* _Assigned task_
The lines below, from the one containing "Ashlyn™ Doll: The" through the one containing "8. Сущность основного", should be set down exactly, with no pictures and nothing else.

* _Supplied data_
*** Block opens ***

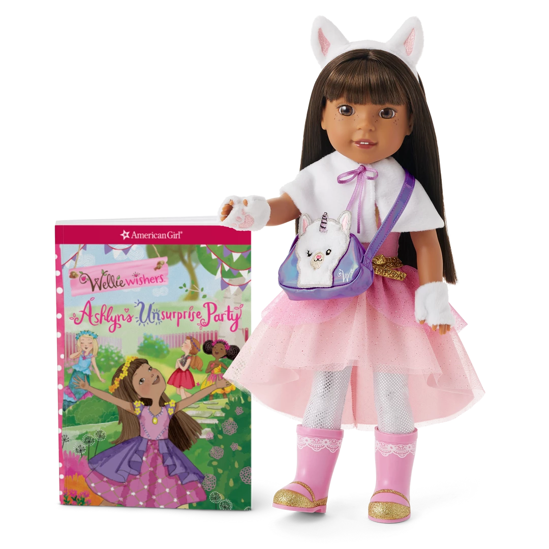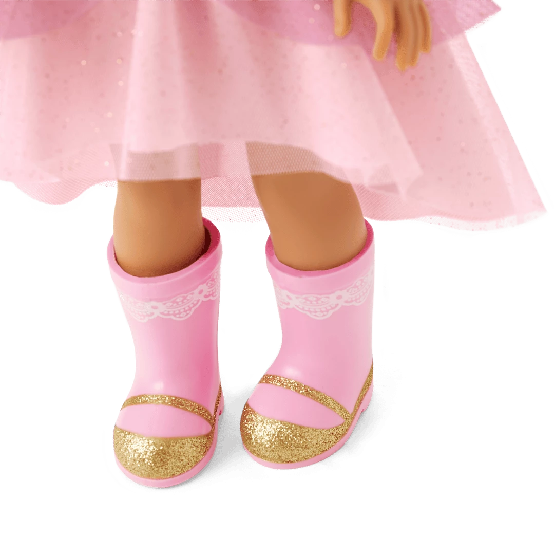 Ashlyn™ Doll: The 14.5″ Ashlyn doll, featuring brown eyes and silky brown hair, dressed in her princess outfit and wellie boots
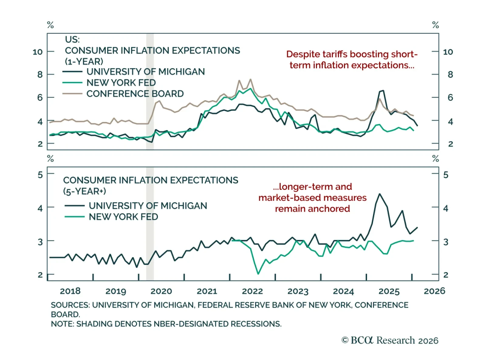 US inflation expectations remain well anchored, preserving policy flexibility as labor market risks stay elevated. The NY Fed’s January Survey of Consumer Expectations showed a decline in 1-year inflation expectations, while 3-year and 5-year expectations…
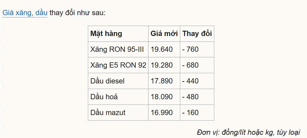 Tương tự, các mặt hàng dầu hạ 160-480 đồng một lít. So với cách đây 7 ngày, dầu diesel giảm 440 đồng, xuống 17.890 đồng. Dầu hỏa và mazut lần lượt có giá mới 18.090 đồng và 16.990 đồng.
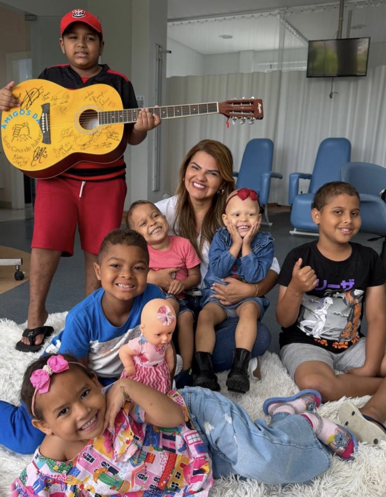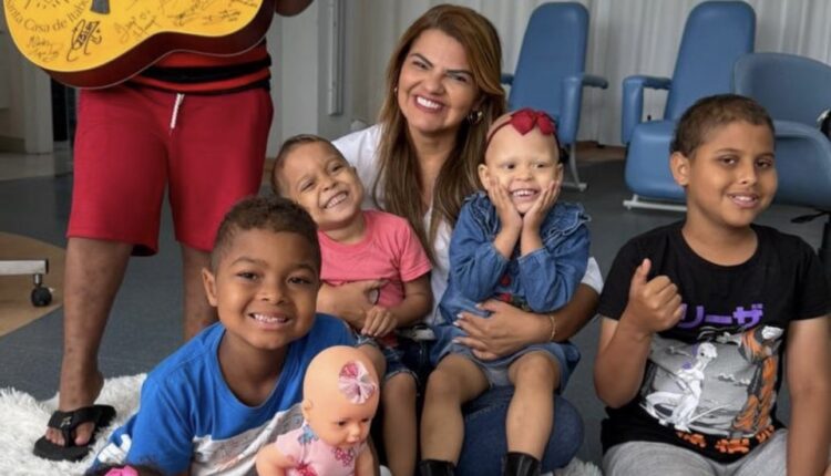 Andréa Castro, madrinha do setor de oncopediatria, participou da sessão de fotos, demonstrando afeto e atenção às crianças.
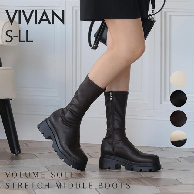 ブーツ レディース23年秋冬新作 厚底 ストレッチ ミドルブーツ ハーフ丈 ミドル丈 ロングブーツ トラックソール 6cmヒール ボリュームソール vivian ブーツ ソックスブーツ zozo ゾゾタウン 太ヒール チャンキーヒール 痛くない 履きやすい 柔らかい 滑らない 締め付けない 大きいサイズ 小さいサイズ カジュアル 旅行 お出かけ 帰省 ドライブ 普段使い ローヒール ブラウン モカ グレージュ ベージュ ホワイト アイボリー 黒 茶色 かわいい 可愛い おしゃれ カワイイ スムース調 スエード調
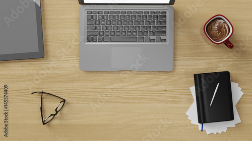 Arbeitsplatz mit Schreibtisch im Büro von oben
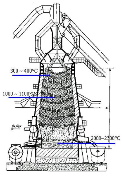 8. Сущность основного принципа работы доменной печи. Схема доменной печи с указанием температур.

*** Block closes ***
*** Block opens ***

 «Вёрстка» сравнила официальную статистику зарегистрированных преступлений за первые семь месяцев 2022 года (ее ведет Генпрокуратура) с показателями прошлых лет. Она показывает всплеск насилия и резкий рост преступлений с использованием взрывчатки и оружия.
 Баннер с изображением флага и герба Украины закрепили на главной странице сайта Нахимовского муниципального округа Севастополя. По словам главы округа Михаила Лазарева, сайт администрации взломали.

*** Block closes ***
*** Block opens ***

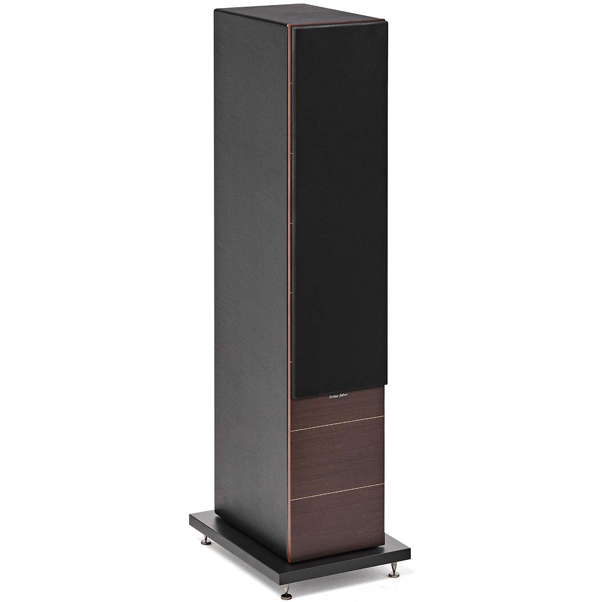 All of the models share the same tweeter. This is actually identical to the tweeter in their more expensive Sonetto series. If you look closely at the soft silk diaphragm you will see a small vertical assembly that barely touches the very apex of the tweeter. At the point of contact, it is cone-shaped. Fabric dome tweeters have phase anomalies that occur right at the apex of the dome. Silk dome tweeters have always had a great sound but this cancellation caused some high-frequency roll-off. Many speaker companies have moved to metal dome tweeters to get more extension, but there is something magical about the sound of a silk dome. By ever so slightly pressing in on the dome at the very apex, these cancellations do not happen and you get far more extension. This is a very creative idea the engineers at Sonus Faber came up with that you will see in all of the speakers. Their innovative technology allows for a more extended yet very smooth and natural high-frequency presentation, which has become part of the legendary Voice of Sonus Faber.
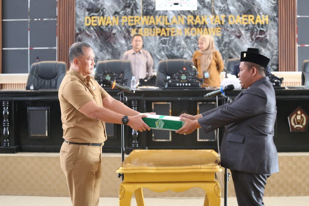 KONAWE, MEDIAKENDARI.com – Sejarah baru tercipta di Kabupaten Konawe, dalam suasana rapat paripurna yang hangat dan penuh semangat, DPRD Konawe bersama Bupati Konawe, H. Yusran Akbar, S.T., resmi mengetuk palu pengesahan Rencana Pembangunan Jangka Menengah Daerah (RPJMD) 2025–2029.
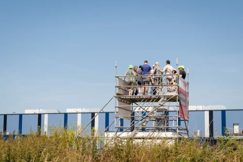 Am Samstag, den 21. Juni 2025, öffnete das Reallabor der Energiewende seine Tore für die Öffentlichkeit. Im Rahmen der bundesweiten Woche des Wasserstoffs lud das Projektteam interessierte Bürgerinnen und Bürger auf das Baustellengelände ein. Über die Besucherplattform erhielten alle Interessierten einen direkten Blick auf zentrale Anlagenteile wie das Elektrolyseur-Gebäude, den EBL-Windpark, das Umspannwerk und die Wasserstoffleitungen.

*** Block closes ***

* _Task output_
 Ashlyn™ Doll: The 14.5″ Ashlyn doll, featuring brown eyes and silky brown hair, dressed in her princess outfit and wellie boots
 US inflation expectations remain well anchored, preserving policy flexibility as labor market risks stay elevated. The NY Fed’s January Survey of Consumer Expectations showed a decline in 1-year inflation expectations, while 3-year and 5-year expectations…
 Tương tự, các mặt hàng dầu hạ 160-480 đồng một lít. So với cách đây 7 ngày, dầu diesel giảm 440 đồng, xuống 17.890 đồng. Dầu hỏa và mazut lần lượt có giá mới 18.090 đồng và 16.990 đồng.
 Andréa Castro, madrinha do setor de oncopediatria, participou da sessão de fotos, demonstrando afeto e atenção às crianças.
 ブーツ レディース23年秋冬新作 厚底 ストレッチ ミドルブーツ ハーフ丈 ミドル丈 ロングブーツ トラックソール 6cmヒール ボリュームソール vivian ブーツ ソックスブーツ zozo ゾゾタウン 太ヒール チャンキーヒール 痛くない 履きやすい 柔らかい 滑らない 締め付けない 大きいサイズ 小さいサイズ カジュアル 旅行 お出かけ 帰省 ドライブ 普段使い ローヒール ブラウン モカ グレージュ ベージュ ホワイト アイボリー 黒 茶色 かわいい 可愛い おしゃれ カワイイ スムース調 スエード調
 Arbeitsplatz mit Schreibtisch im Büro von oben
 8. Сущность основного принципа работы доменной печи. Схема доменной печи с указанием температур.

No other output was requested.